8. Right to revoke the data protection consent declaration

  1. You have the right to revoke your data protection consent declaration at any time. The revocation of consent does not affect the legality of the processing carried out on the basis of the consent until the revocation.

9. Automated decision on an individual basis including profiling

  1. You have the right not to be subject to a decision based solely on automated processing - including profiling - that will have legal effect or similarly affect you in a similar manner. This does not apply if the decision:
    1. is required for the conclusion or performance of a contract between you and the controller,
    2. is permitted by Union or Member State legislation to which the controller is subject, and where such legislation contains appropriate measures to safeguard your rights and freedoms and legitimate interests, or
    3. has your express consent.
  2. However, these decisions may not be based on specific categories of personal data under Art. 9 (1) GDPR, unless Art. 9 (2) lit. a or g DSGVO applies and reasonable measures have been taken to protect the rights and freedoms as well as your legitimate interests.
  3. With regard to the cases referred to in (1) and (3), the person responsible shall take reasonable measures to uphold the rights and freedoms as well as your legitimate interests, including at least the right to obtain the intervention of a person by the person responsible Position and contesting the decision.

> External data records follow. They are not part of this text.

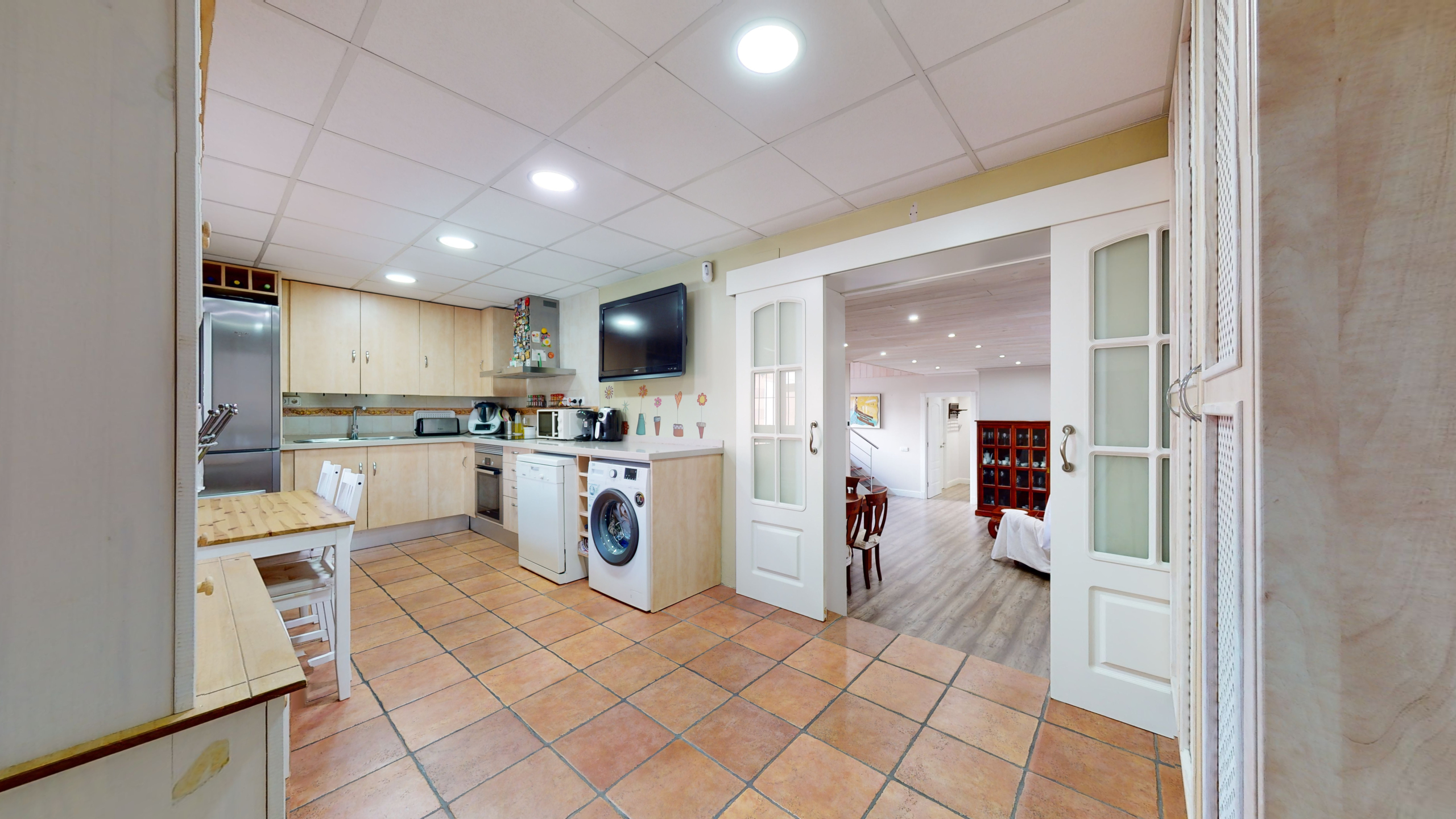 De ahí, llegamos a la cocina (muy espaciosa) con salida a un porche totalmente cubierto con unas vistas a la piscina que serán la envidia de todos los invitados, además al estar cubierto te permite disfrutarlo gran parte del año. Justo al lado, hay una zona de barbacoa, para que puedas bañarte en la piscina mientras disfrutas de ella.
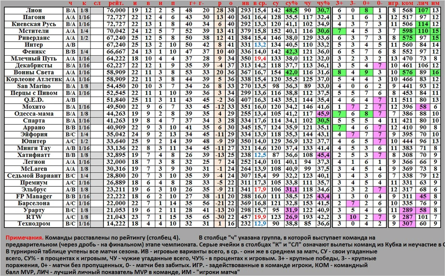 По итогам полуфинальных матчей изменился сезонный рейтинг их участников, представляю обновлённое положение, но не в отдельной таблице, а в сводной, где накапливаются и иные статистические показатели по ходу сезона:
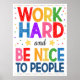 hart arbeiten und nett sein, Klassenzimmer Poster
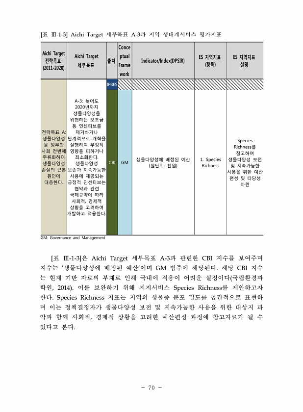 70 Aichi Target 전략목표 2011-2020 Aichi Target 세부목표 출처 Conce ptual Frame work Indicator/Index DPSIR ES 지역지표 항목 ES 지역지표 설명 전략목표 A생물다양성 을 정부와 사회 전반에 주류화하여 생물다양성 손실의 근본 원인에 대응한다. A-3늦어도 2020년까지 생물다양성을 위협하는 보조금 등 인센티브를 제거하거나 단계적으로 개혁을 실행하여 부정적 영향을 피하거나 최소화한다. 생물다양성 보존과 지속가능한 사용에 제공되는 긍정적 인센티브는 협약과 관련 국제규약에 따라 사회적, 경제적 상황을 고려하여 개발하고 적용한다. IPBES CBI GM 생물다양성에 배정된 예산 원단위천원 1. Species Richness Species Richne...

10. Right to complain to a supervisory authority

  1. Without prejudice to any other administrative or judicial remedy, you shall have the right to complain to a supervisory authority, in particular in the Member State of its place of residence, employment or the place of the alleged infringement, if you believe that the processing of your personal data violates the GDPR.
  2. The supervisory authority to which the complaint has been submitted shall inform the complainant of the status and results of the complaint, including the possibility of a judicial remedy pursuant to Article 78 of the GDPR.